> _Supplied data_
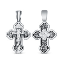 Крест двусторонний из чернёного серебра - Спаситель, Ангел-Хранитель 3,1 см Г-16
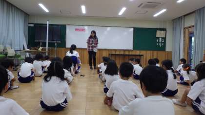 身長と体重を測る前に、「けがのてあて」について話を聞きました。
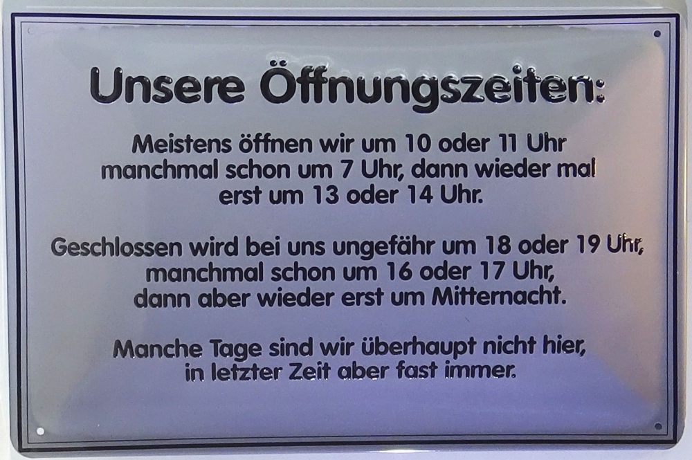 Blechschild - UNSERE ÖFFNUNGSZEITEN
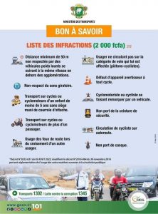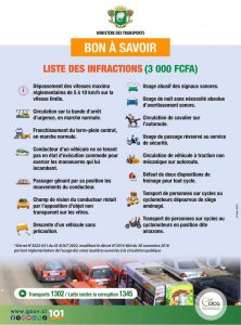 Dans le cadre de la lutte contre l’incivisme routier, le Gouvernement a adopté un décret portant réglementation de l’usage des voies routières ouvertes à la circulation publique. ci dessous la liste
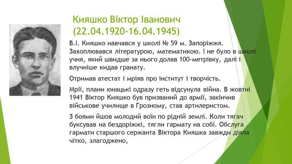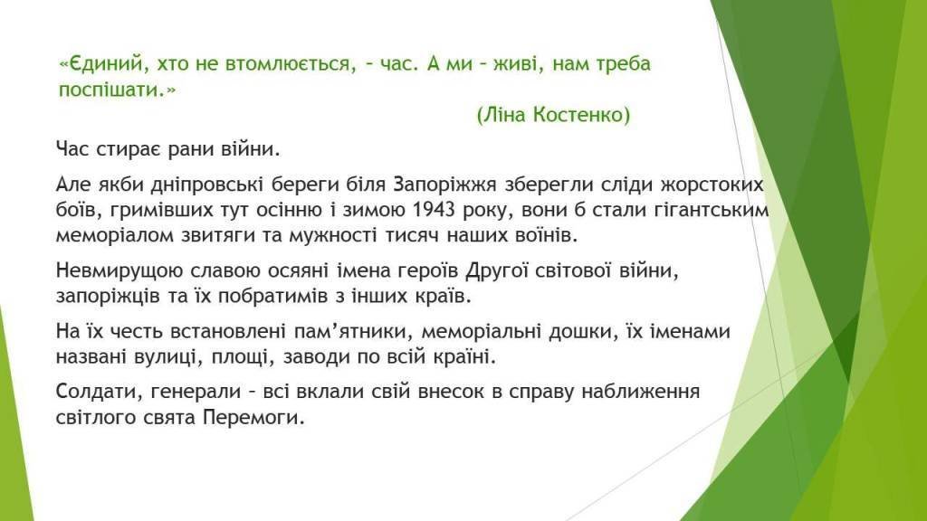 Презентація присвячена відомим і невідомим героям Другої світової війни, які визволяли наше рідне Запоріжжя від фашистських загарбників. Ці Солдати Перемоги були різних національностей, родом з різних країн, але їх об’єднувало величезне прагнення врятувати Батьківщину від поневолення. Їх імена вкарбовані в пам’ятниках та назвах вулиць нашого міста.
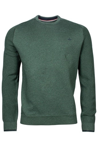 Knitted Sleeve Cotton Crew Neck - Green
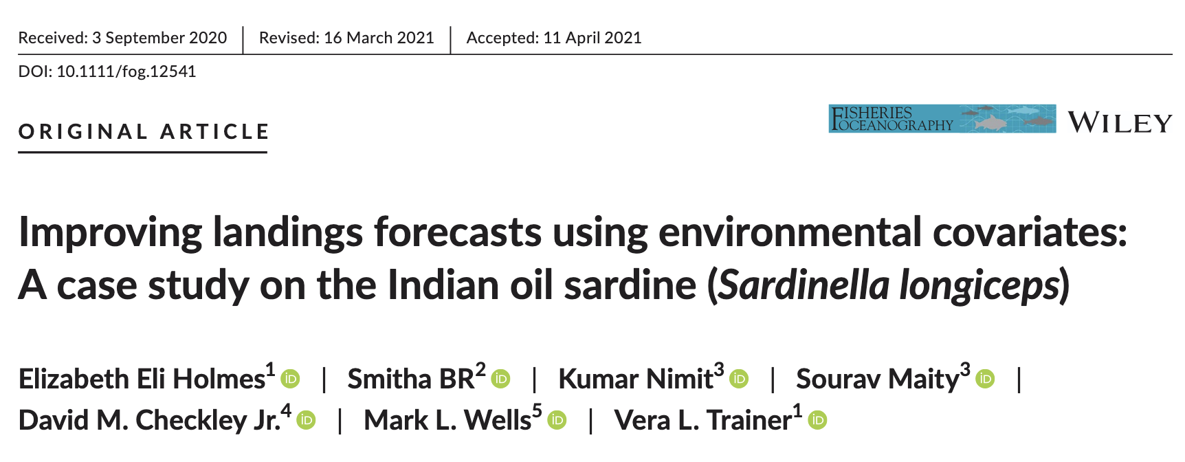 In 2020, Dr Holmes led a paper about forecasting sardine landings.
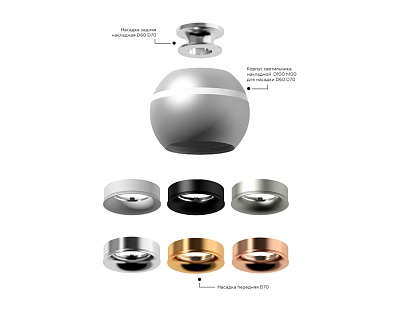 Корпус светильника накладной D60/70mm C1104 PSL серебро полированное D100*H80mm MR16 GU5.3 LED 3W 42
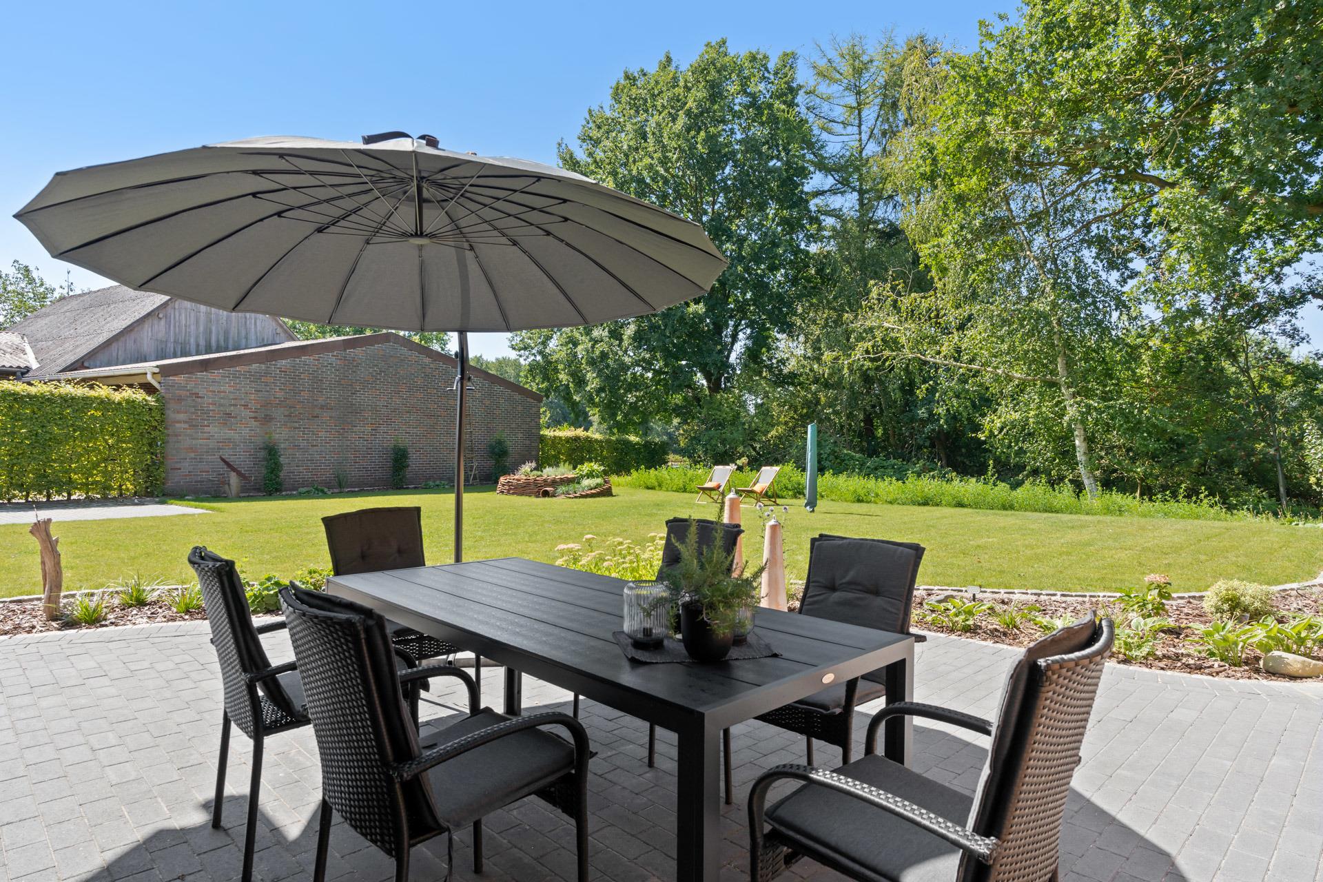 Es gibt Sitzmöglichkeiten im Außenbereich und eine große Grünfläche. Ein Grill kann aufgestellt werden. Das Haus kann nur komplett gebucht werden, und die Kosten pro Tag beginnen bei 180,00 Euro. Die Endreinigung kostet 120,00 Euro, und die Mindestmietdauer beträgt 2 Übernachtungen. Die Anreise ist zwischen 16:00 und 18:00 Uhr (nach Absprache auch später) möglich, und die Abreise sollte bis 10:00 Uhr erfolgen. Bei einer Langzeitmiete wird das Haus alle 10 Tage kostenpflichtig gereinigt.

> _What to produce_
Please return the whole listing exactly. Do not copy its images.

> _Finished task_
 Крест двусторонний из чернёного серебра - Спаситель, Ангел-Хранитель 3,1 см Г-16
 身長と体重を測る前に、「けがのてあて」について話を聞きました。
 Blechschild - UNSERE ÖFFNUNGSZEITEN
 Dans le cadre de la lutte contre l’incivisme routier, le Gouvernement a adopté un décret portant réglementation de l’usage des voies routières ouvertes à la circulation publique. ci dessous la liste
 Презентація присвячена відомим і невідомим героям Другої світової війни, які визволяли наше рідне Запоріжжя від фашистських загарбників. Ці Солдати Перемоги були різних національностей, родом з різних країн, але їх об’єднувало величезне прагнення врятувати Батьківщину від поневолення. Їх імена вкарбовані в пам’ятниках та назвах вулиць нашого міста.
 Knitted Sleeve Cotton Crew Neck - Green
 In 2020, Dr Holmes led a paper about forecasting sardine landings.
 Корпус светильника накладной D60/70mm C1104 PSL серебро полированное D100*H80mm MR16 GU5.3 LED 3W 42
 Es gibt Sitzmöglichkeiten im Außenbereich und eine große Grünfläche. Ein Grill kann aufgestellt werden. Das Haus kann nur komplett gebucht werden, und die Kosten pro Tag beginnen bei 180,00 Euro. Die Endreinigung kostet 120,00 Euro, und die Mindestmietdauer beträgt 2 Übernachtungen. Die Anreise ist zwischen 16:00 und 18:00 Uhr (nach Absprache auch später) möglich, und die Abreise sollte bis 10:00 Uhr erfolgen. Bei einer Langzeitmiete wird das Haus alle 10 Tage kostenpflichtig gereinigt.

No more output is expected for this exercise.